文献の選択基準として、(1) バーシカンV3の遺伝子構造、スプライシング機構、またはタンパク質構造に関する研究、(2) V3の強制発現 (gain-of-function) またはノックダウン (loss-of-function) を用いたin vitroおよびin vivoの実験モデル、(3) 血管疾患、炎症性疾患、または悪性腫瘍におけるV3の発現と機能に関する研究、(4) 組織工学 (血管や皮膚の再生) におけるV3の応用に関する研究、を含めた。一方、V3に関する具体的な言及がない一般的なバーシカンの研究や、重複するデータを含む文献は除外した。
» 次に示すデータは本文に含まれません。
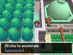 Ya en el puerto, Hiedra se marchará y podrás ir en barco a Ciudad Porcelana. Sin embargo, ve primero al Complejo Industrial por la izquierda y, usando Corte, podrás conseguir una Superpoción. Ya no queda más por hacer en la ciudad, así que entra en el edificio de laprimera imagen y habla con tu rival para ir a Ciudad Porcelana.

データの統合にあたっては、著者らの研究グループ (Wight、Day、Merrileesら) が長年にわたり蓄積してきた実験データ (レトロウイルスベクターを用いた遺伝子導入実験、ウサギ頸動脈バルーン傷害モデル、Costello症候群患者由来線維芽細胞を用いた実験など) を中心に、他グループから報告された知見を相補的に組み合わせた。
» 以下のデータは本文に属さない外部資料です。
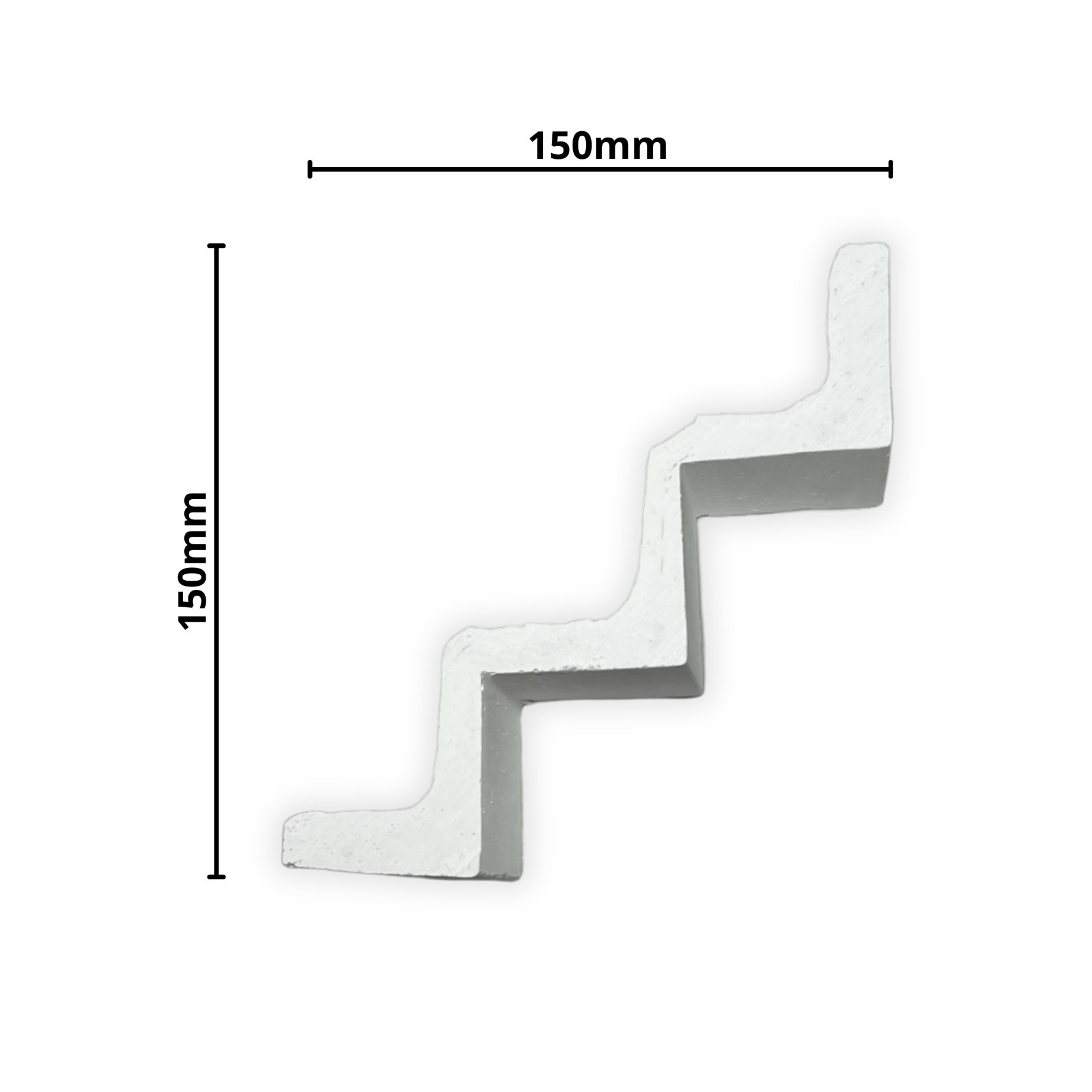 Our coving is priced and ordered in metres. This is our largest stepped plaster coving, with a drop of 150mm. We also have two smaller sizes MPC055 with a drop of 120mm and MPC028 with a drop of 100mm. This is a large cornice and needs to be securely fixed. Please see our video installation guides for advice on how to do this. We would also recommend always using casting plaster to fill the joints, to achieve a perfectly smooth finish and to prevent cracking later on as can happen when filler is used.

また、基礎研究における統計的信頼性を評価するため、各文献で用いられた統計解析手法についても検証した。具体的には、細胞増殖や遊走、遺伝子発現量の比較において、2群間の比較にはStudent’s t-test (t検定) またはMann-Whitney U-test (マン・ホイットニーのU検定) が、多群間比較にはANOVA (分散分析) およびその後の事後検定が適切に適用されているかを確認した。さらに、腫瘍モデルにおける生存率の解析にはKaplan-Meier (カプラン・マイヤー) 法およびlog-rank (ログランク) テストが、頻度データの解析にはFisher’s exact test (フィッシャーの直接確率検定) が用いられていることを確認した。
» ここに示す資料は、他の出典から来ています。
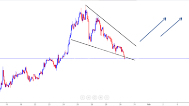المضارب العربي / نموذج الوتد الهابط علي زوج GBPUSD تراجع الجنيه الإسترليني بعد أن استعاد الدولار بعض القوة مقابل سلة عملات، ولكن مكاسب الدولار الأمريكي كانت محدودة وسط شكوك حول التزام إدارة ترامب بعملة قوية. فنيا, علي فريم الساعة, زوج الباوند دولار يسير في حركة تصحيحية هابطة علي شكل نموذج الوتد…

さらに、実験で使用された細胞株や動物モデルの識別子 (identifier) についても整理した。具体的には、NIH 3T3 (マウス線維芽細胞株)、A549 (ヒト肺がん細胞株)、HEK293T (ヒト胎児尿生殖器由来細胞株) などの細胞株、およびC57BL/6J (マウス系統) やNew Zealand White (ウサギ系統) などの実験動物モデルにおけるV3の機能解析データを統合的に解析した。